Wednesday, 12 May 2010
Forgive me bloggers for i have sinned.... It has been over 2 weeks since my last weigh in.
I am ashamed to say that when i did last go to WW i had put on 3lbs and then with the wedding in it's final few things i have no had time to sit and plan, exercise and ate junk. Even last night i ate junk...burger, with cheese, chips, cheesy garlic bread AND some onion rings. Does it help that the burger has salad in it?
My excuse and it is an excuse i know, is that i was celebrating. I had just heard i had been offered a job. The job that will put me on the career ladder. I have also drank tons of alcohol, eaten tones of cheese, pizza and i dread to think what the results are.

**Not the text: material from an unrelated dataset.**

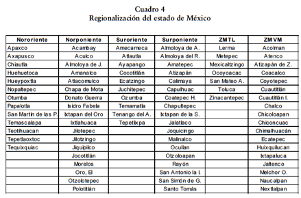 regiones. Esta regionalización surgió de dividir al Estado de México en cuatro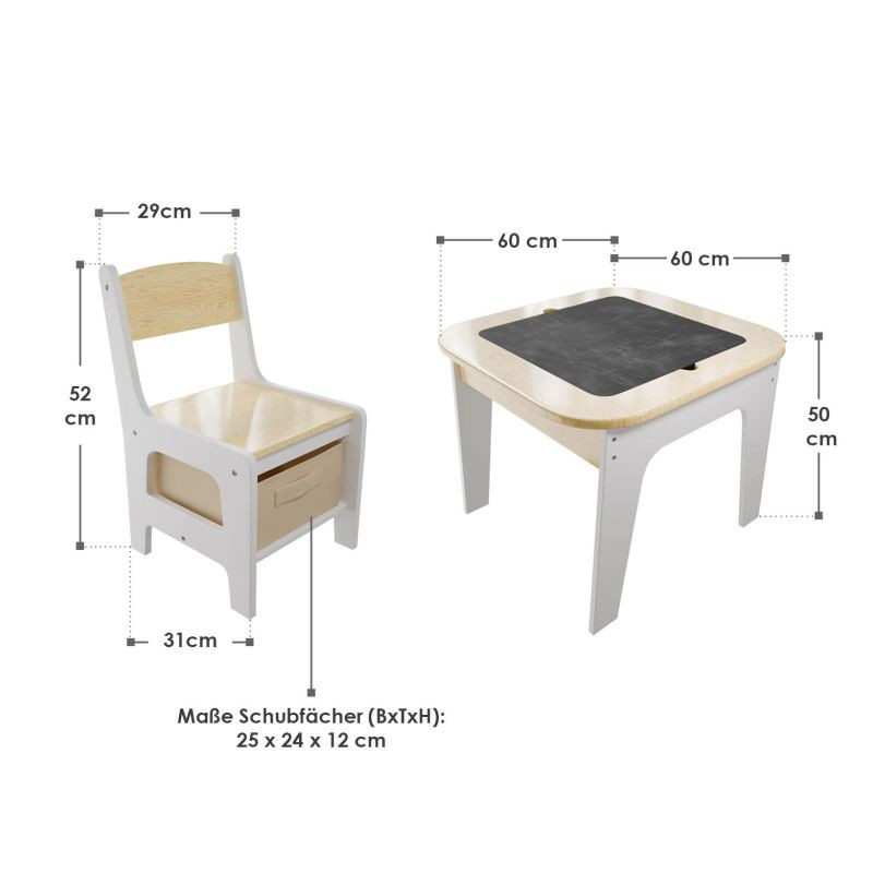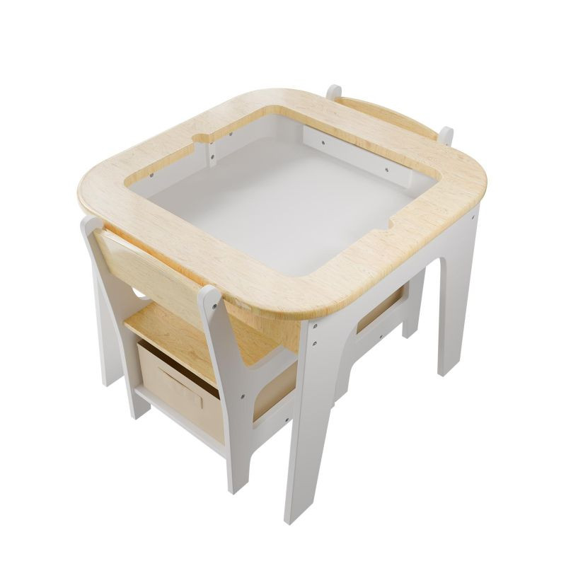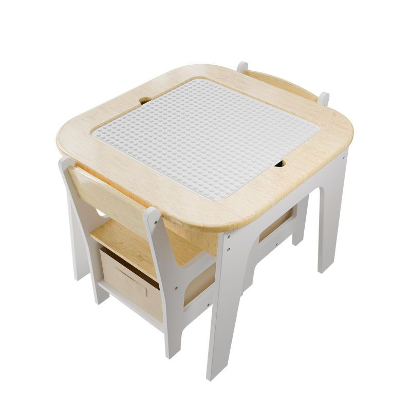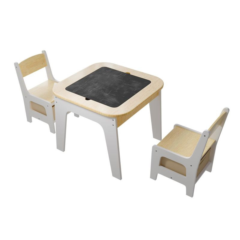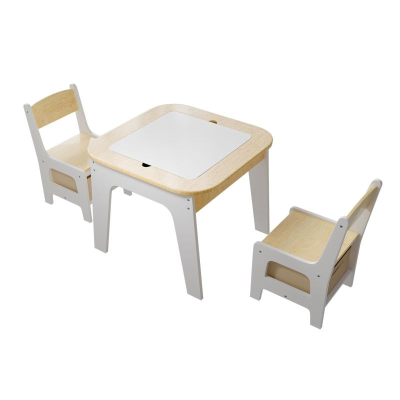 Robustná konštrukcia z prírodného dreva zaisťuje dlhú životnosť a bezpečnosť. Stôl s vymeniteľnými doskami ponúka rôzne herné možnosti – od kreslenia po stavanie kociek. Jednoduchá údržba a jednoduchá montáž poteší každého rodiča.

Now sitting and thinking about all the truly wonderful and tasty foods i have eaten.... where are they now? They were with me to celebrate happiness, joy, to treat me for all the hard work i put in with a wedding that was not mine, to console me that the wedding is over and my best friend is now a Mrs and i won't see her for two weeks as she is in Orlando. Yes food has been there for many reasons... but now it's still with me... Its there haunting me, it's laughing at me. Its sitting round my stomach, my thighs. It's taunting me, telling me all the good hard work i did has now been undone.
There are two reasons i have not been to weight watchers, one i have been scared to see the results, and secondly i could not afford it. The wedding wiped me out. I do not have the cash... seriously my bank balance stands at £0.15.
So bloggers please forgive my past few weeks. I want to be good again, it may be boring but it makes me feel amazing. My "one day this will be true" mother-in-law has offered to pay for me. She says that if i don't get back in there then i will never go back. So next week i will be back!
Off i go now, just a short post to say sorry to my followers for my downfall but i will make both you and i proud and get back on that horse and count points! I'll turn to the boyfriend for comfort and not to food. But on a brighter note i shall put up a picture of us at the wedding. I am obviously not the bride and the one that looks like an oompa-loompa because of the spray tan that the bride told me to get.